Patterson v BTR Engineer (Aust) Ltd (1989) NSWLR 319 -
where Gleeson CJ said that as a general rule a plaintiff will need to establish, first a prima facie cause of action against the defendant, and secondly a danger that, by reason of the defendant’s absconding, assets being removed out of the jurisdiction or disposed of within the jurisdiction or otherwise dealt with in some fashion.
Tsiang & Wu and Ors  FamCAFC 128 -
where the Court held that the applicant must show that there is a “danger” or risk of dissipation of or dealing with assets which will frustrate any judgment in favour of the applicant.
Banking records indicate that on 13 January 2021 the husband transferred $700,000 to an account in his sister’s name. On 14 and 15 January 2021 the husband transferred two further sums of $600,000 each from an account held in his sole name in the Middle Eastern Country to another account held in his name in Switzerland. On 4 February 2021 the husband’s sister transferred $700,000 back to the husband by payment into the first Swiss bank account. As a result of these transactions, by 4 February 2021 the husband held a total of $1.9 million in the first Swiss account in his sole name.
Through the financial disclosure provided by the husband's lawyers, the wife was made aware that the husband had drawn down funds in the sum of $1,879,000 from the offset account associated with the mortgage secured over the family home. The husband contends that the Swiss bank transfers represent a donation to the social enterprise associated with his sister.

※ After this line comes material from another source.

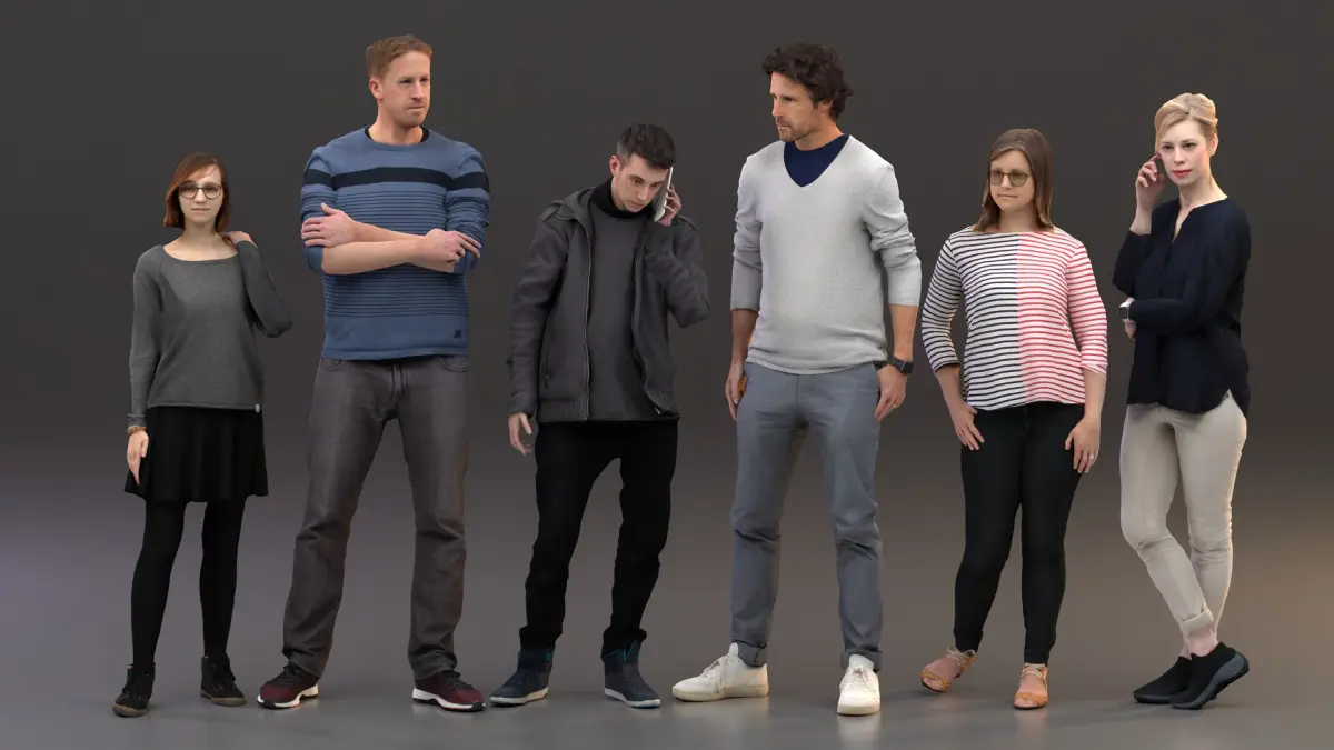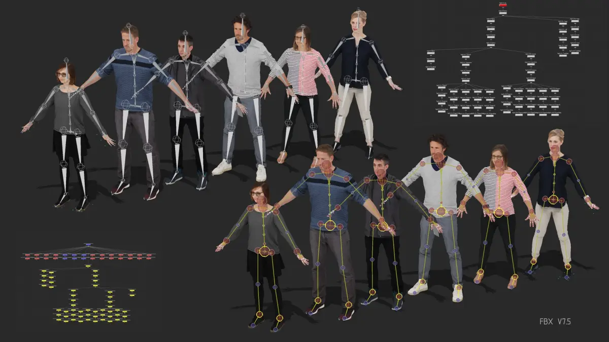 a pack of six different rigged figures with photorealistic textures.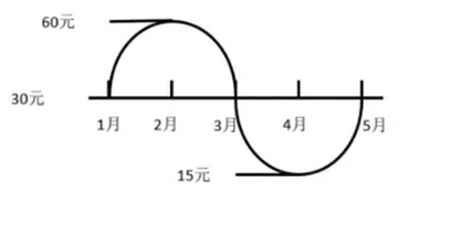 假如上面是一个简单股价走势图,1、2、3、4、5月价格分别是30元、60元、30元、15元,30元。

However, the curious features of his evidence concerning ownership and control of those funds must be considered in conjunction with the undisputed facts surrounding the timing of the various transactions whereby $1.9 million was drawn down from the home loan offset account came to be deposited in the name of the husband’s sister relative to the other events in the proceedings.

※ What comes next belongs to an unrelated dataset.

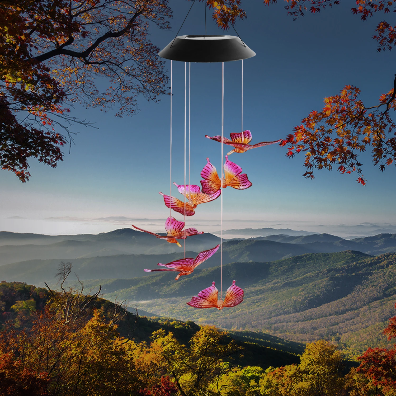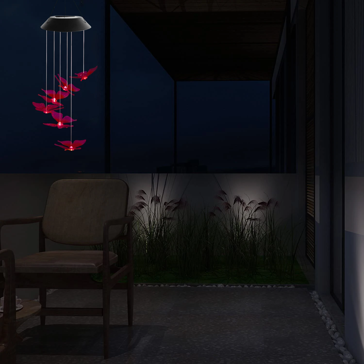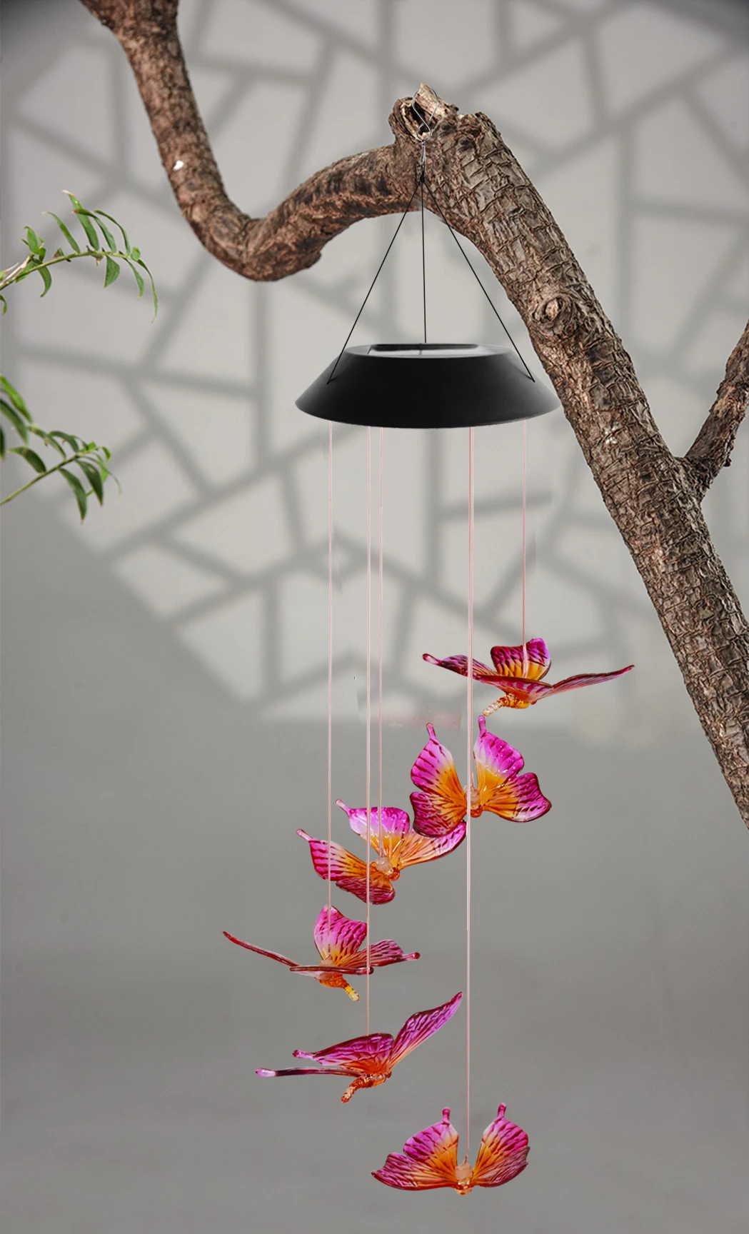 Home Lighting, Artwork & Interior Decoration Accessories Party Lighting Solar Decorative Lights Quanzhou Aolaigle Electronic Co., Ltd. SOL2010F Color Changing Solar Red Pink Butterfly Wind Chime Light LED Hanging Light For Garden Decoration

Still, the account in which the funds are held is in the name of the husband’s sister who is not a party to these proceedings. There are no identified funds from which this payment could be otherwise made and the wife’s counsel conceded on her behalf that if the court is not satisfied about her contentions concerning the husband’s control over these funds then it would not be proper for the court to make such an order.
The Court concluded that a risk exists that assets may be disposed of by the husband. The wife established that there is a danger that her claim about the $19 million in transactions may be defeated or prejudiced unless a further injunction is granted. The Court ordered the Husband restrained from transferring or encumbering, or causing to be transferred or encumbered, the Suburb C Property registered in his sole personal name, without the wife’s prior written consent or except as permitted by an Order of the Court. The Court further concluded that it is inappropriate for an injunction requiring the husband to repay funds because there is no basis which the Court can be satisfied that the husband has control over the $1.9million.